In 1977, neurologist Oliver Sacks interviewed a young man named Greg who had a tumor in his brain that wiped out his ability to remember day-to-day events. One thing Greg could remember was his life during the 1960s in New York’s Greenwich Village, years before the tumor formed, when Greg’s primary occupation seemed to be attending rock concerts by his favorite band, The Grateful Dead. Greg’s memories of those Dead concerts stuck with him over the following years, when he was living in a long-term care hospital and interviewed regularly by Dr. Sacks. In 1991, Dr. Sacks took Greg to a Dead concert at New York’s Madison Square Garden, wondering whether such a momentous event might jolt his memory into action. “That was fantastic,” Greg told Dr. Sacks as they left the concert. “I will always remember it. I had the time of my life.” But when Dr. Sacks saw Greg the next morning and asked him whether he recalled the previous night’s Dead concert at the Garden, Greg drew a blank: “No, I’ve never been to the Garden” (Sacks, 1995, pp. 76–77).

Although Greg was unable to make new memories, some of the new things that happened to him seemed to leave a mark. For example, Greg did not recall learning that his father had died, but he did seem sad and withdrawn for years after hearing the news. Similarly, HM could not make new memories after his surgery, but if he played a game in which he had to track a moving target, his performance gradually improved with each round (Milner, 1962). Greg could not consciously remember hearing about his father’s death, and HM could not consciously remember playing the tracking game, but both showed clear signs of having been permanently changed by experiences that they so rapidly forgot. In other words, they behaved as though they were remembering things while claiming to remember nothing at all. This suggests that there must be several kinds of memory, some that are accessible to conscious recall, and some that we cannot consciously access (Eichenbaum & Cohen, 2001; Schacter & Tulving, 1994; Schacter, Wagner, & Buckner, 2000; Squire & Kandel, 1999).

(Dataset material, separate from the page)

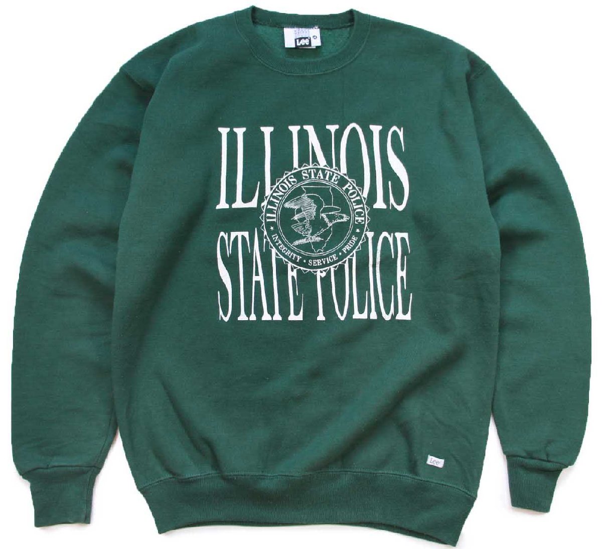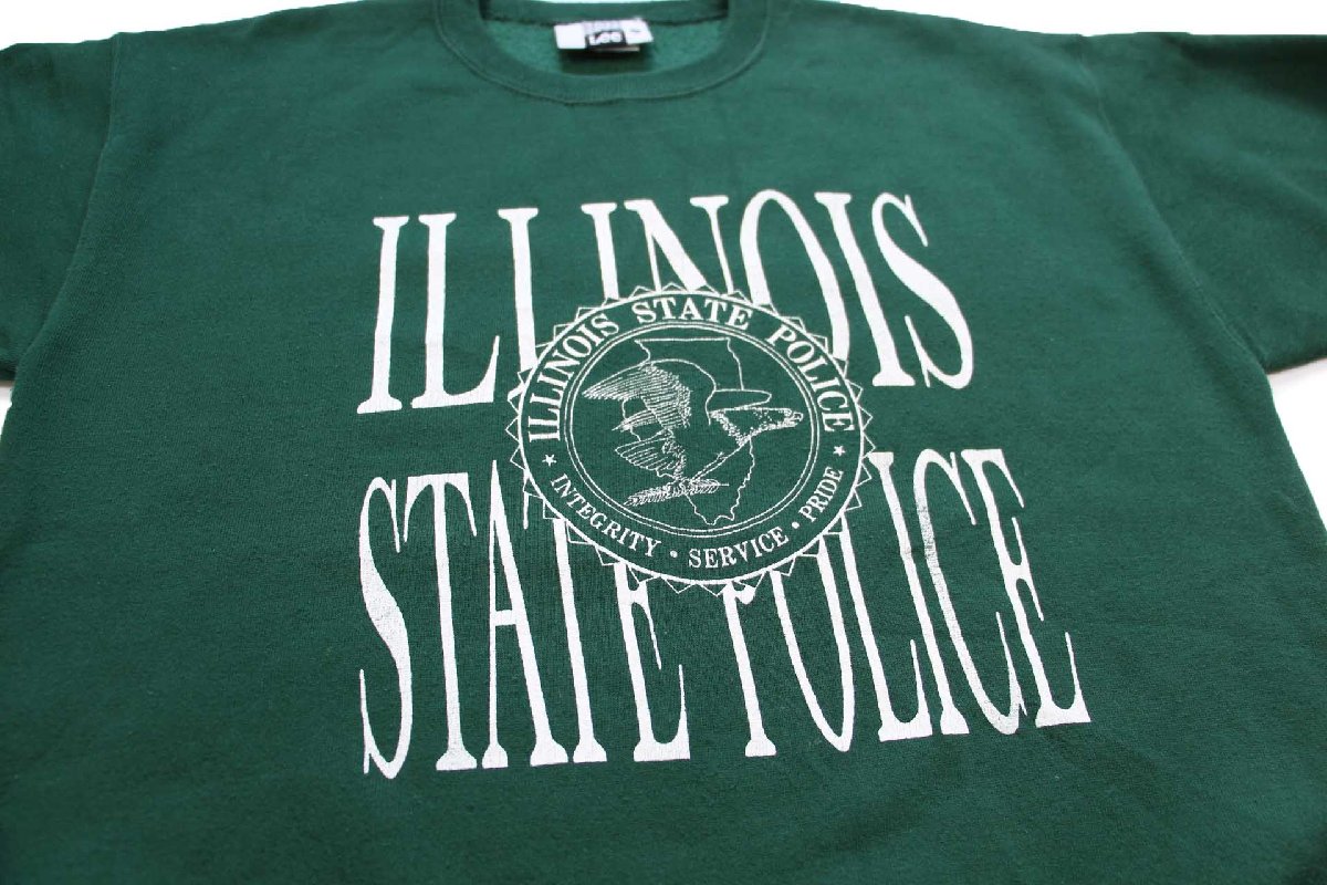90s USA製 Leeリー ILLINOIS STATE POLICE ひび割れプリント スウェット 緑 M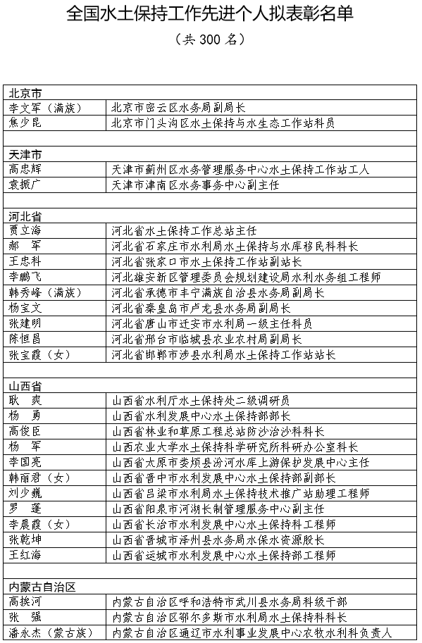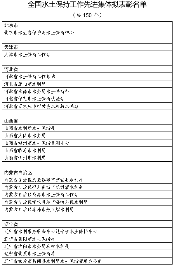 根据《水利部关于开展全国水土保持工作先进集体和先进个人评选表彰活动的通知》(水人事函〔2022〕75号),按照公开、公平、公正的原则,经逐级推荐评选,征求有关方面意见,并经水利部评审,拟表彰150个全国水土保持工作先进集体、300名全国水土保持工作先进个人(名单附后)。为充分发扬民主,广泛听取意见,现将拟表彰名单进行公示。

Explicit and Implicit Memory

The fact that people can be changed by past experiences without having any awareness of those experiences suggests that there must be at least two different classes of memory (FIGURE 6.11). Explicit memory occurs when people consciously or intentionally retrieve past experiences. Recalling last summer’s vacation, incidents from a novel you just read, or facts you studied for a test all involve explicit memory. Indeed, anytime you start a sentence with “I remember…,” you are talking about an explicit memory. Implicit memory occurs when past experiences influence later behavior and performance, even without an effort to remember them or an awareness of the recollection (Graf & Schacter, 1985; Schacter, 1987). Implicit memories are not consciously recalled, but their presence is “implied” by our actions. Greg’s persistent sadness after his father’s death, even though he had no conscious knowledge of the event, is an example of implicit memory. So is HM’s improved performance on a tracking task that he didn’t consciously remember doing. So is the ability to ride a bike or tie your shoelaces or play guitar: You may know how to do these things, but you probably can’t describe how to do them. Such knowledge reflects a particular kind of implicit memory called procedural memory, which refers to the gradual acquisition of skills as a result of practice, or “knowing how” to do things.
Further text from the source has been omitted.